◆ Your assignment
Retype the data exactly, skipping any picture in it.
━━━ Extracted data
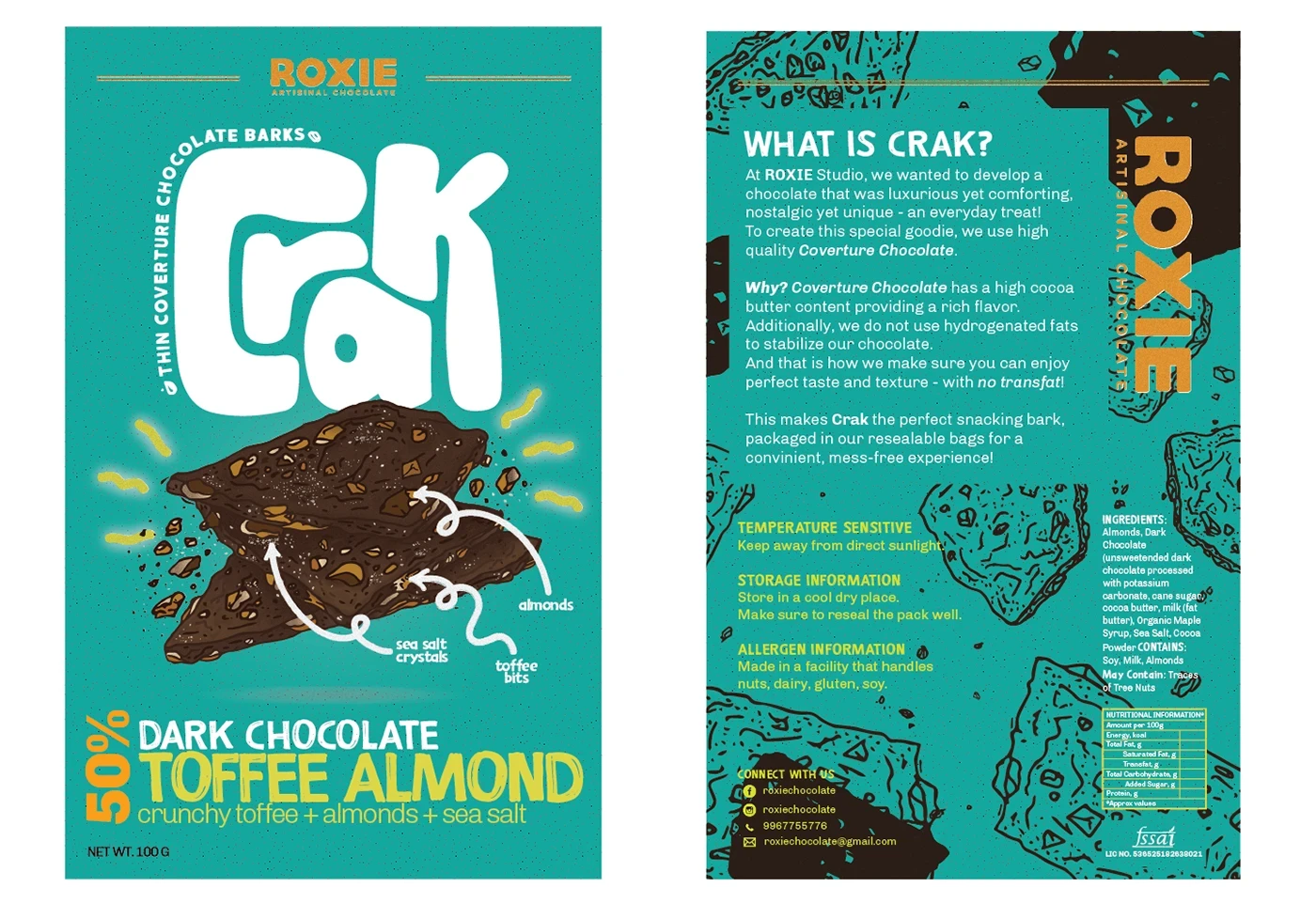 Roxie Studio, a Mumbai-based chocolate brand, wanted to expand from seasonal treats to everyday indulgence. I designed a playful, grown-up identity for Roxie and its sub-brand Crak -balancing vibrance, charm, and accessibility through color, type, and packaging that celebrates chocolate’s fun, everyday spirit.
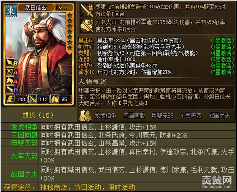 人称“甲斐之虎”,被誉为战国时代的第一兵法家。所出身的武田家族是属于清和源氏一脉的新罗三郎源义光的后裔,他是甲斐守护武田信虎的长子,本名晴信(“信玄”是出家入道后的法名)。因为崇拜孙子,以《孙子兵法·军争篇》中的“其疾如风,其徐如林,侵掠如火,不动如山”中的“风林火山”四字为军旗。于1547 年制定《甲州法度之次第》,训练出了战国最强的武田军团。
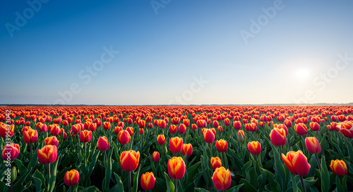 Vibrant Tulip Field Under Clear Blue Sky At Sunrise Photography
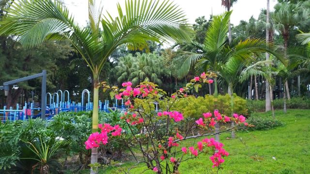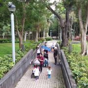 维多利亚公园内有维多利亚女王铜像,还有三个硬地足球场,走过足球场是中间草坪,草坪周围有一条长约600米的步道,路面柔软,适合悠闲地散步。公园内还有网球场以及草地滚球场,顺着网球场继续走会看到公园游泳池,穿过游泳区,会看到前面有4个篮球场。
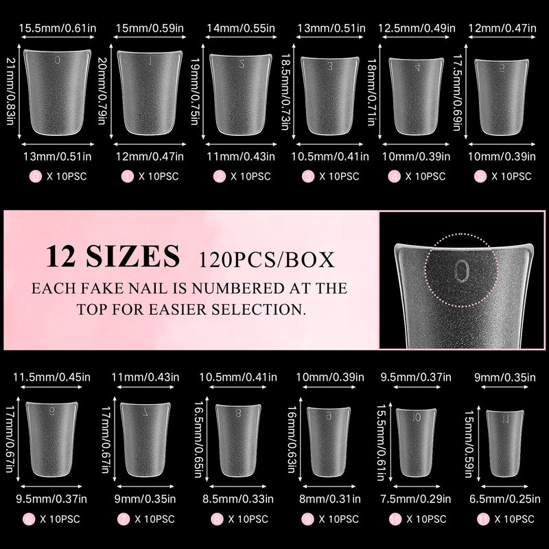 - đ ăVarious SizesăDuck nail tips contain 12 sizes, with 10 nails in various sizes, 120 in total per box; the nail tips are clearly numbered at the top, making it easy to quickly select the right one for you, saving you a lot of time in choosing.
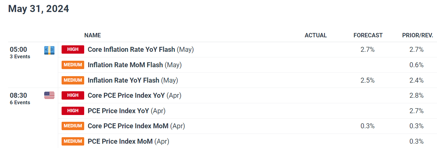 مع تقدمنا خلال الأسبوع ، نتوقع فترة هادئة نسبيا مع عدد قليل من الأحداث عالية التأثير التي من المحتمل أن تثير تقلبات كبيرة. ومع ذلك ، يمكن أن يتغير المشهد يوم الجمعة مع صدور المؤشرات الاقتصادية الحرجة. على جانب واحد من المحيط الأطلسي ، سيتم إصدار أرقام مؤشر أسعار المستهلكين لشهر مايو في منطقة اليورو. على الجانب الآخر من البركة ، سنحصل على بيانات نفقات استهلاك الأسعار الأساسية ، وهو مقياس التضخم الأكثر مراقبة عن كثب من قبل الاحتياطي الفيدرالي.
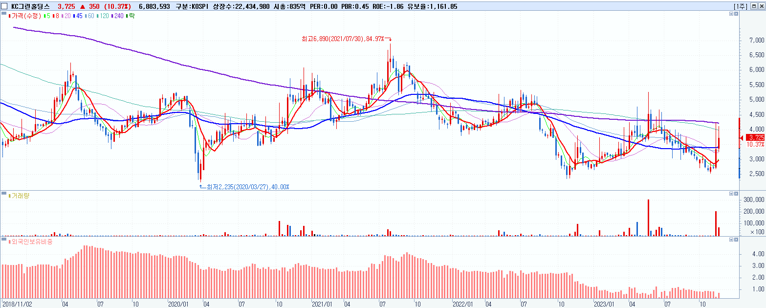 - KC그린홀딩스 (3,725원 ▲ 10.37% , 시총: 836억, 거래량: 6,891,544, 거래대금:266억)
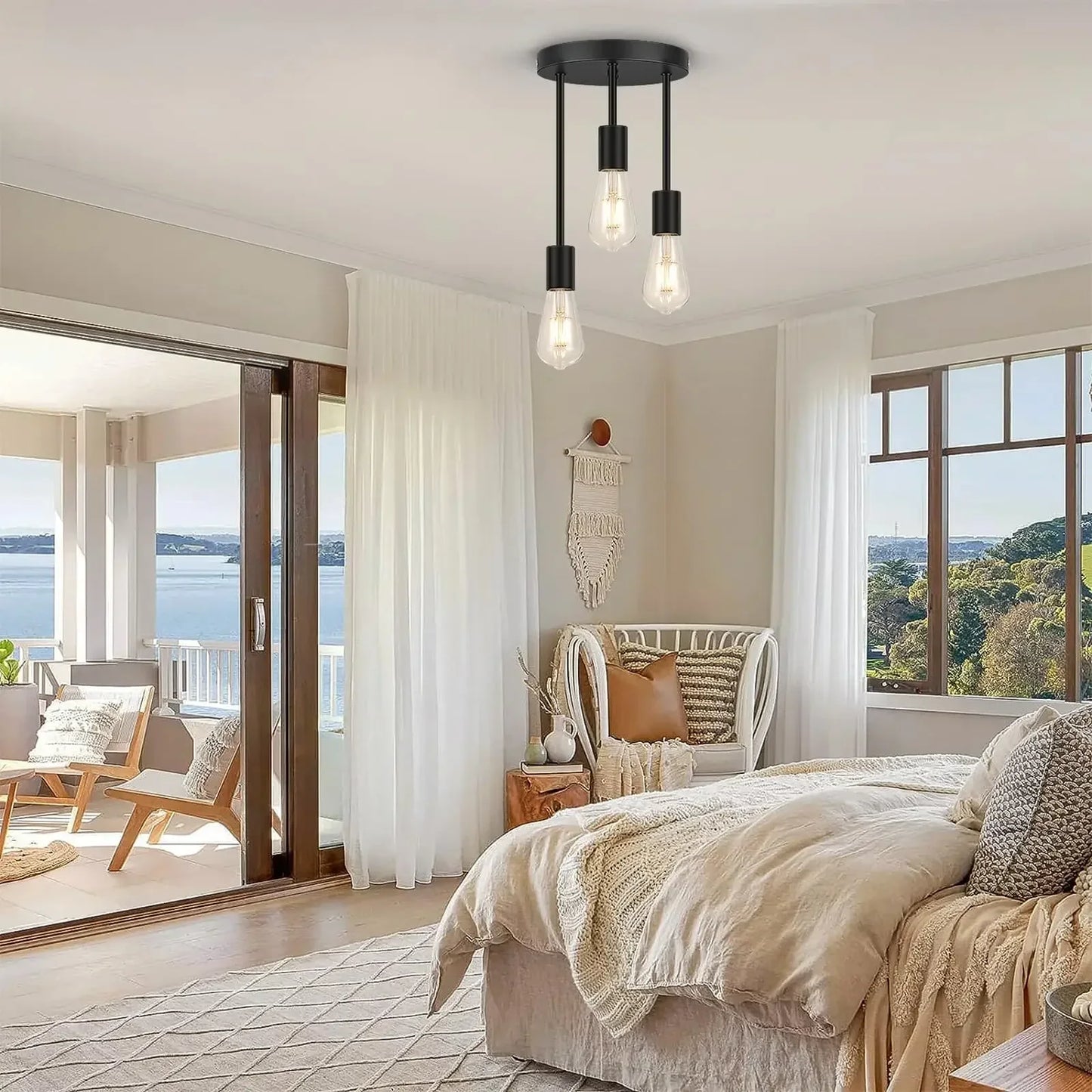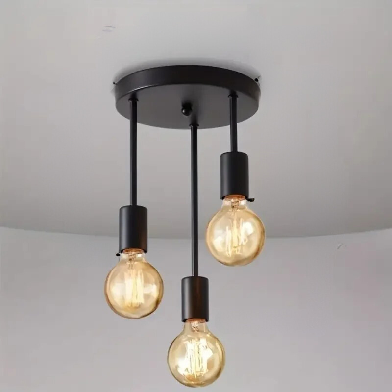 La lampe de plafond LumièreIndustrielle à 3 bras allie charme vintage et fonctionnalité moderne. Avec son élégant design noir, elle s'intègre parfaitement dans divers espaces tels que la cuisine, le balcon ou le salon. Ce luminaire apporte une touche stylée et chaleureuse à votre intérieur tout en offrant un éclairage optimal.
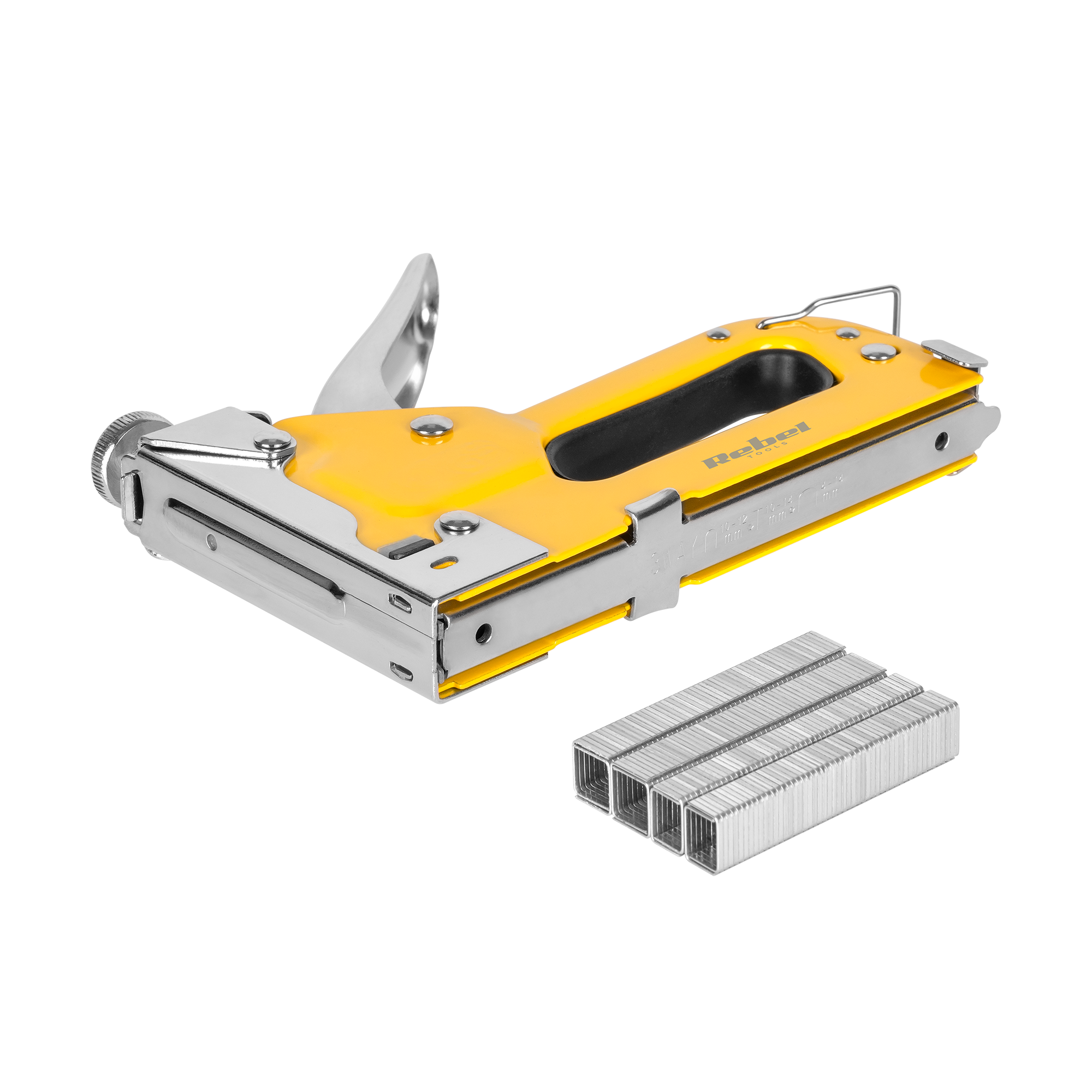 Zszywacz tapicerski Cabletech to niezawodne narzędzie, które ułatwi każdą pracę tapicerską. Dzięki gumowanej rękojeści zapewnia wygodny i pewny chwyt, a regulowana siła wbijania pozwala dostosować narzędzie do różnych materiałów i grubości tkanin.
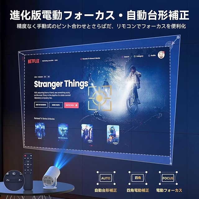 ✨【自動台形補正・便利な電動フォーカス】当プロジェクターは、自動台形補正と電動フォーカス機能を搭載。従来の手動調整に比べ、設置時間を大幅に短縮し、誰でも簡単に最適な投影状態を実現できます。面倒な設定は一切不要! ワンタッチでキレイな矩形&ピント調整。プロジェクターを机の端に置いたり、天井吊りに設置したりしても、センサーが傾きを検知し、数秒で歪みを補正します、ピント合わせが微調整が必要な場合は、リモコンから簡単に修正可能。面倒な初期設定が一切不要です。(垂直補正のみ)
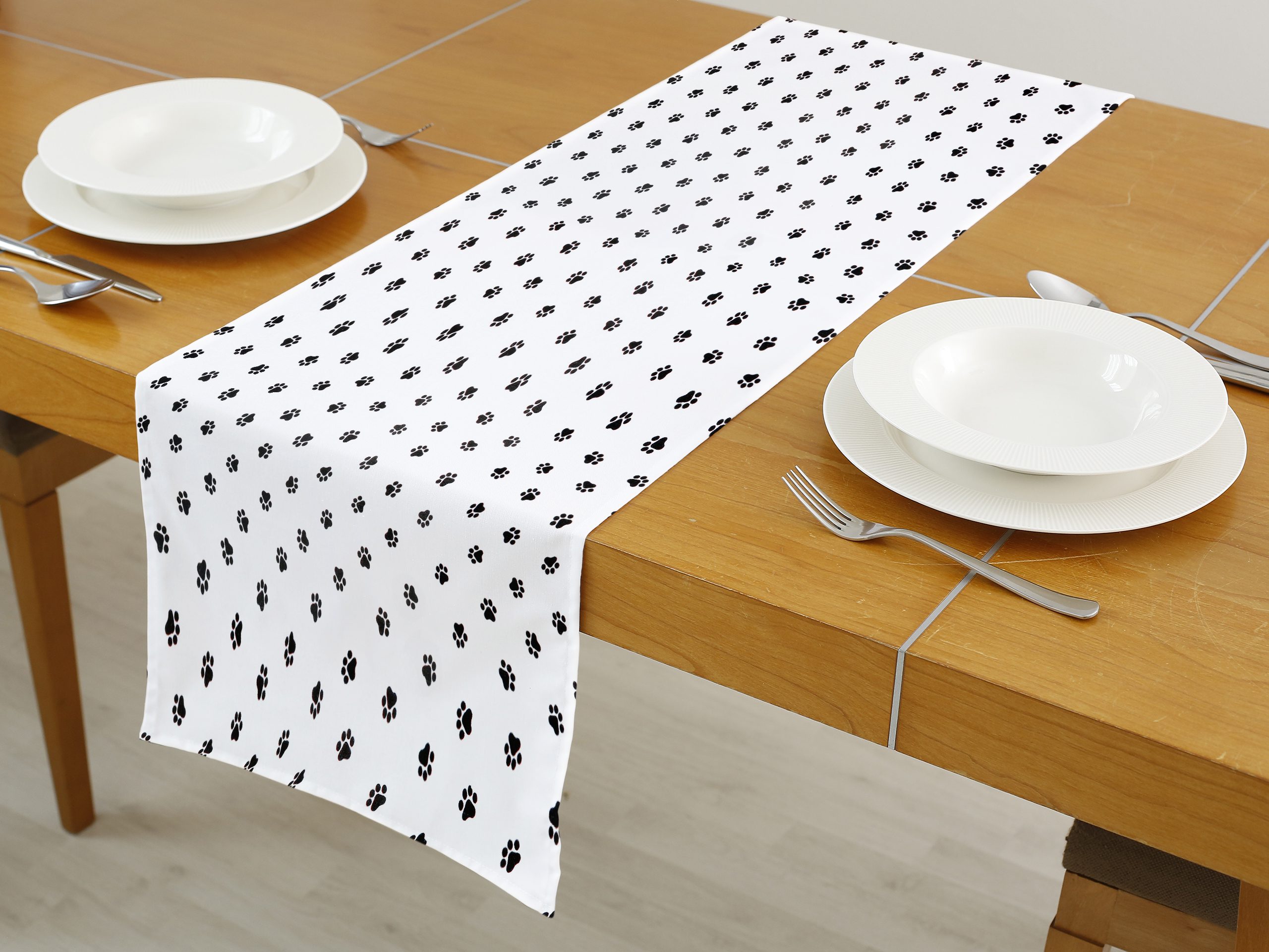 Bavlněný běhoun se vzorem tlapek dodá dětskému stolu šmrnc a je zároveň skvělým doplňkem pro hravý domov.
━━━━━━
◆ Solution for this problem
 Roxie Studio, a Mumbai-based chocolate brand, wanted to expand from seasonal treats to everyday indulgence. I designed a playful, grown-up identity for Roxie and its sub-brand Crak -balancing vibrance, charm, and accessibility through color, type, and packaging that celebrates chocolate’s fun, everyday spirit.
 人称“甲斐之虎”,被誉为战国时代的第一兵法家。所出身的武田家族是属于清和源氏一脉的新罗三郎源义光的后裔,他是甲斐守护武田信虎的长子,本名晴信(“信玄”是出家入道后的法名)。因为崇拜孙子,以《孙子兵法·军争篇》中的“其疾如风,其徐如林,侵掠如火,不动如山”中的“风林火山”四字为军旗。于1547 年制定《甲州法度之次第》,训练出了战国最强的武田军团。
 Vibrant Tulip Field Under Clear Blue Sky At Sunrise Photography
 维多利亚公园内有维多利亚女王铜像,还有三个硬地足球场,走过足球场是中间草坪,草坪周围有一条长约600米的步道,路面柔软,适合悠闲地散步。公园内还有网球场以及草地滚球场,顺着网球场继续走会看到公园游泳池,穿过游泳区,会看到前面有4个篮球场。
 - đ ăVarious SizesăDuck nail tips contain 12 sizes, with 10 nails in various sizes, 120 in total per box; the nail tips are clearly numbered at the top, making it easy to quickly select the right one for you, saving you a lot of time in choosing.
 مع تقدمنا خلال الأسبوع ، نتوقع فترة هادئة نسبيا مع عدد قليل من الأحداث عالية التأثير التي من المحتمل أن تثير تقلبات كبيرة. ومع ذلك ، يمكن أن يتغير المشهد يوم الجمعة مع صدور المؤشرات الاقتصادية الحرجة. على جانب واحد من المحيط الأطلسي ، سيتم إصدار أرقام مؤشر أسعار المستهلكين لشهر مايو في منطقة اليورو. على الجانب الآخر من البركة ، سنحصل على بيانات نفقات استهلاك الأسعار الأساسية ، وهو مقياس التضخم الأكثر مراقبة عن كثب من قبل الاحتياطي الفيدرالي.
 - KC그린홀딩스 (3,725원 ▲ 10.37% , 시총: 836억, 거래량: 6,891,544, 거래대금:266억)
 La lampe de plafond LumièreIndustrielle à 3 bras allie charme vintage et fonctionnalité moderne. Avec son élégant design noir, elle s'intègre parfaitement dans divers espaces tels que la cuisine, le balcon ou le salon. Ce luminaire apporte une touche stylée et chaleureuse à votre intérieur tout en offrant un éclairage optimal.
 Zszywacz tapicerski Cabletech to niezawodne narzędzie, które ułatwi każdą pracę tapicerską. Dzięki gumowanej rękojeści zapewnia wygodny i pewny chwyt, a regulowana siła wbijania pozwala dostosować narzędzie do różnych materiałów i grubości tkanin.
 ✨【自動台形補正・便利な電動フォーカス】当プロジェクターは、自動台形補正と電動フォーカス機能を搭載。従来の手動調整に比べ、設置時間を大幅に短縮し、誰でも簡単に最適な投影状態を実現できます。面倒な設定は一切不要! ワンタッチでキレイな矩形&ピント調整。プロジェクターを机の端に置いたり、天井吊りに設置したりしても、センサーが傾きを検知し、数秒で歪みを補正します、ピント合わせが微調整が必要な場合は、リモコンから簡単に修正可能。面倒な初期設定が一切不要です。(垂直補正のみ)
 Bavlněný běhoun se vzorem tlapek dodá dětskému stolu šmrnc a je zároveň skvělým doplňkem pro hravý domov.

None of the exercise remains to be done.